Instructions to follow: Write out exactly the lines running from the one with "结构损伤指标和地震动强度指标" to the end of the data, including both of those lines and excluding pictures.

═══ Data shown ═══

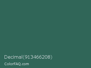 Decimal 913466208 Color is a dark cyan color and the nearest color is Stromboli #325d52. Hex code #306658 and RGB value is rgb(48,102,88). In RGB color space, this color is composed of 19% red, 40% green, 35% blue, In CMYK color space, this color is composed of 53% cyan, 0% magenta, 14% yellow , 60% black , In HSL color space, this color has a hue angle of 164° , 36% saturation and 29% lightness.
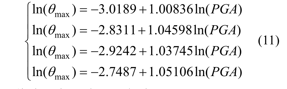 结构损伤指标和地震动强度指标分别为θmax和PGA。通过对不同龄期的结构进行动力增量分析,并根利用式(10)对进行对数线性拟合。分析结果如图10所示,拟合公式如下:
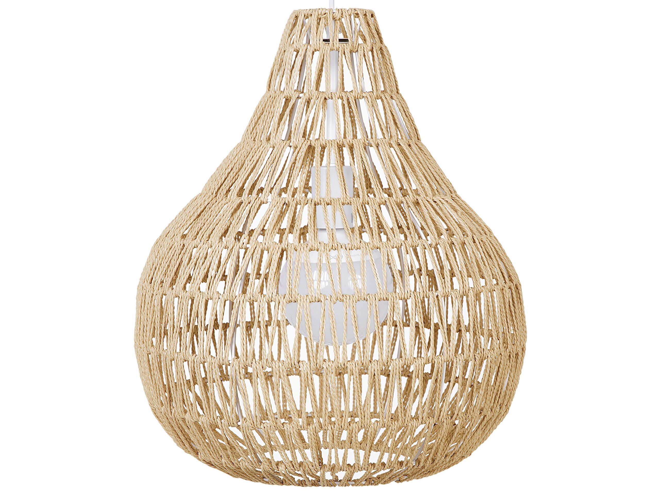 A natural, organic-look thread combined with functionality is what makes this lamp an excellent choice for any interior to add a fresh, trendy, boho vibe. From a dining setting to a living room conversation spot, it casts romantic, ambient light over its surroundings, making them inviting and cosy. Details: Color: Beige. Main material: Paper Rope. Additional material: Iron, PVC. Weight: 2 Assembly: Requires Installation
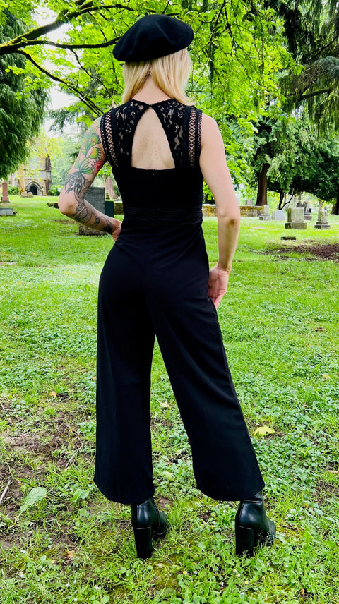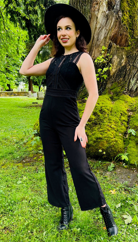 Kraft, elegance og et strejf af fare – Branwen Jumpsuit er dit mørkt chikke svar på drømme om gothic-øjeblikke i firmastil. Denne jumpsuit er et skræddersyet twist på vores elskede Agatha-kjole og har en indsnævret talje, vide ben og – ja – lommer, fordi hekse mener det alvorligt. Den blondebesatte overdel tilføjer et strejf af romantisk oprør, mens udskæringen bagpå giver lige nok intriger til bestyrelseslokaler eller kosteskafter. Lige dele struktureret og fortryllende.
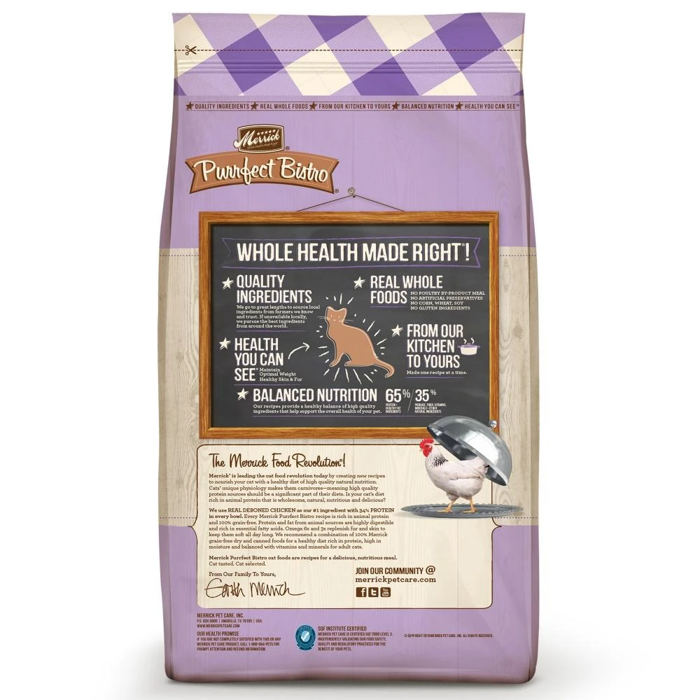 Merrick Purrfect Bistro Grain Free cat foods are recipes for a delicious, nutritious meal. Every Merrick Purrfect Bistro recipe is rich in animal protein and 100% grain free. We recommend a combination of 100% Merrick grain-free dry and cat foods for a healthy diet rich in protein, high in moisture and balanced with vitamins and minerals for adult cats.

═══

Answer to this exercise:
 结构损伤指标和地震动强度指标分别为θmax和PGA。通过对不同龄期的结构进行动力增量分析,并根利用式(10)对进行对数线性拟合。分析结果如图10所示,拟合公式如下:
 A natural, organic-look thread combined with functionality is what makes this lamp an excellent choice for any interior to add a fresh, trendy, boho vibe. From a dining setting to a living room conversation spot, it casts romantic, ambient light over its surroundings, making them inviting and cosy. Details: Color: Beige. Main material: Paper Rope. Additional material: Iron, PVC. Weight: 2 Assembly: Requires Installation
 Kraft, elegance og et strejf af fare – Branwen Jumpsuit er dit mørkt chikke svar på drømme om gothic-øjeblikke i firmastil. Denne jumpsuit er et skræddersyet twist på vores elskede Agatha-kjole og har en indsnævret talje, vide ben og – ja – lommer, fordi hekse mener det alvorligt. Den blondebesatte overdel tilføjer et strejf af romantisk oprør, mens udskæringen bagpå giver lige nok intriger til bestyrelseslokaler eller kosteskafter. Lige dele struktureret og fortryllende.
 Merrick Purrfect Bistro Grain Free cat foods are recipes for a delicious, nutritious meal. Every Merrick Purrfect Bistro recipe is rich in animal protein and 100% grain free. We recommend a combination of 100% Merrick grain-free dry and cat foods for a healthy diet rich in protein, high in moisture and balanced with vitamins and minerals for adult cats.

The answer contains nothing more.